Прочтите описание перед тем, как прочитать онлайн книгу «Сергей Соловьев - История России с древнейших времен. Том 21» бесплатно полную версию:
Двадцать первый и двадцать второй тома сочинений С.М. Соловьева «История России с древнейших времен» освещают события со второй половины 1740 по 1748 г. периода царствования императрицы Елизаветы Петровны.

Сергей Соловьев - История России с древнейших времен. Том 21 читать онлайн бесплатно

Сергей Соловьев - История России с древнейших времен. Том 21 - читать книгу онлайн бесплатно, автор Сергей Соловьев

К Остерману обращался и донской атаман Данила Ефремов с такими, например, письмами: «Вашему высокографскому сиятельству небезызвестно, каким образом не токмо бригадиры Иван Краснощоков, Иван Фролов, яко по заслугам, но и дети Краснощоковы высочайшею его им. в-ства милостию награждены и большими медалями пожалованы, а я, нижайший, как о том уведал, то не мог без соизволения вашего высокографского сиятельства, яко издревле милостивого государя и отца, смелости принять в высшее место прошение взнесть, но токмо нижайше прошу, дабы чрез вашего высокографского сиятельства милостивейшее ходатайство против означенных бригадиров высочайшей милости не был оставлен, в чем отдаю себя во всемилостивейшее ваше покровительство и остаюсь с должнейшим моим рабским почтением, милостивейший государь, вашего высокографского сиятельства всепокорнейший раб».

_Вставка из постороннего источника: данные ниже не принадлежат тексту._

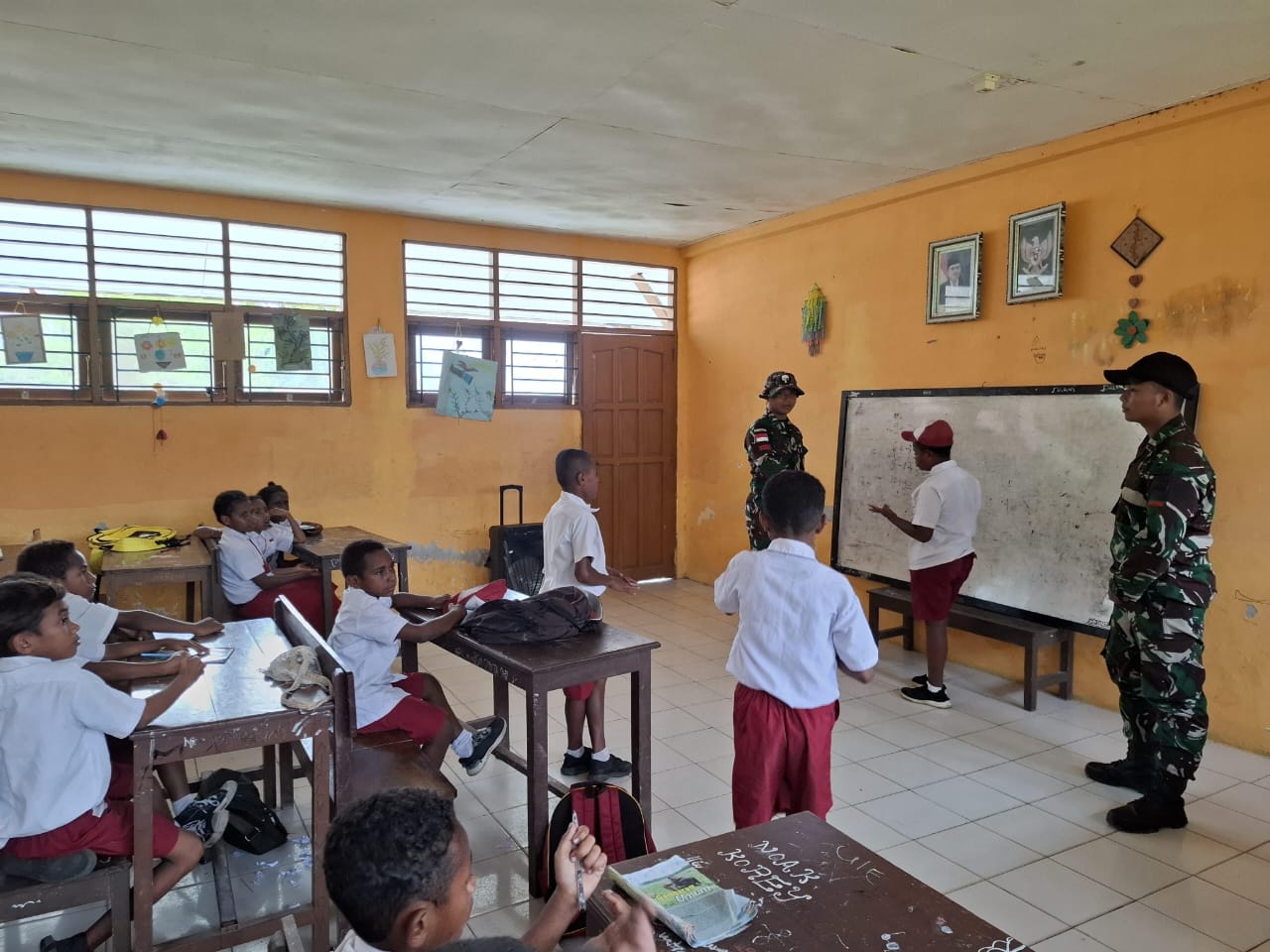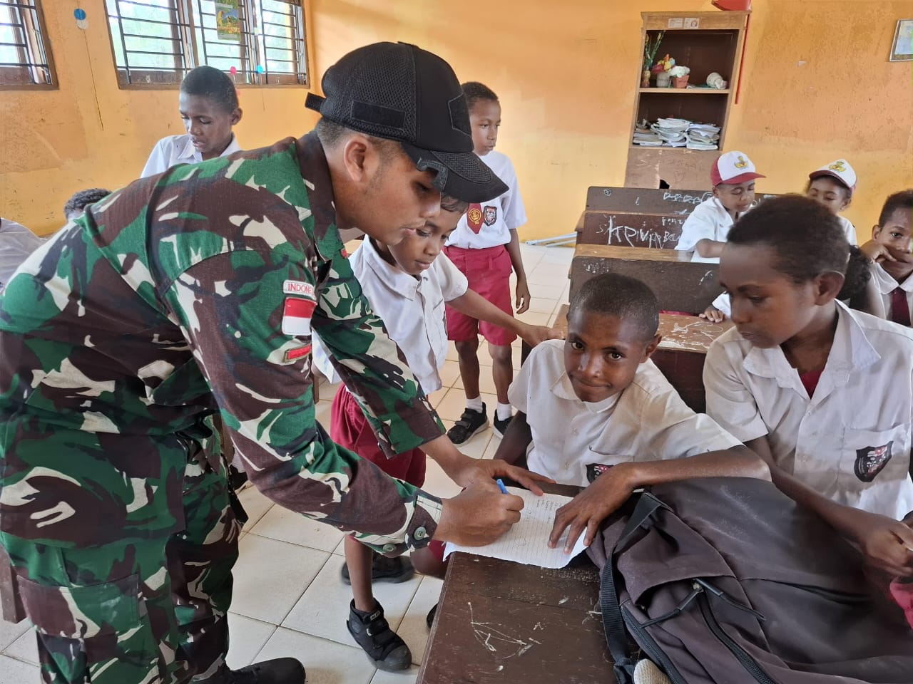 Anak-anak pun terlihat antusias dan senang belajar bersama para prajurit. Dengan penuh semangat, mereka menyimak pelajaran sambil sesekali tersenyum dan bercanda riang.

Но очень скоро люди, бывшие поближе, чем Кейт и Ефремов, увидали, что Остерман не только не царь всероссийский, но даже и не первый министр, что ему нужно употребить большее усилие, произвести новый, более трудный переворот, чем свержение Бирона и Миниха, чтоб стать таким всемогущим правителем, каким издали его представляли. Анна Леопольдовна сама не могла управлять, ей было скучно заниматься делами; но в то же время она не умела и не хотела найти человека опытнее, способнее других, на которого бы могла сложить все бремя дел, т. е., не производя никаких перемен, сложить все это бремя дел на Кабинет, а в Кабинете по удалении сначала Бестужева, а потом Миниха душою оставался по-прежнему Остерман, а кн. Черкасский – только телом, следовательно, Остерман становился на деле первым министром. Но Анна Леопольдовна, не умея управлять, скучая делами, хотела, однако, управлять, и это желание, естественно, поддерживали в ней приближенные люди, которые хотели управлять, по крайней мере вмешиваться в управление, играть видную роль, пользоваться важным значением. Такими приближенными людьми были фрейлина Менгден и граф Михайла Гаврилович Головкин, которые не любили Остермана, не хотели подчиняться ему. Вполне был предан Остерману, вполне подчинялся его влиянию принц Антон; но это только вредило Остерману во мнении правительницы и ее приближенных, потому что между мужем и женою были нелады. Отсюда естественное желание Остермана поднять значение принца Антона, а это желание только усиливало нерасположение к нему со стороны правительницы и людей к ней близких.

Для лучшего уяснения отношений, господствовавших при тогдашнем дворе, характера лиц и способа их действий приведет следующий рассказ.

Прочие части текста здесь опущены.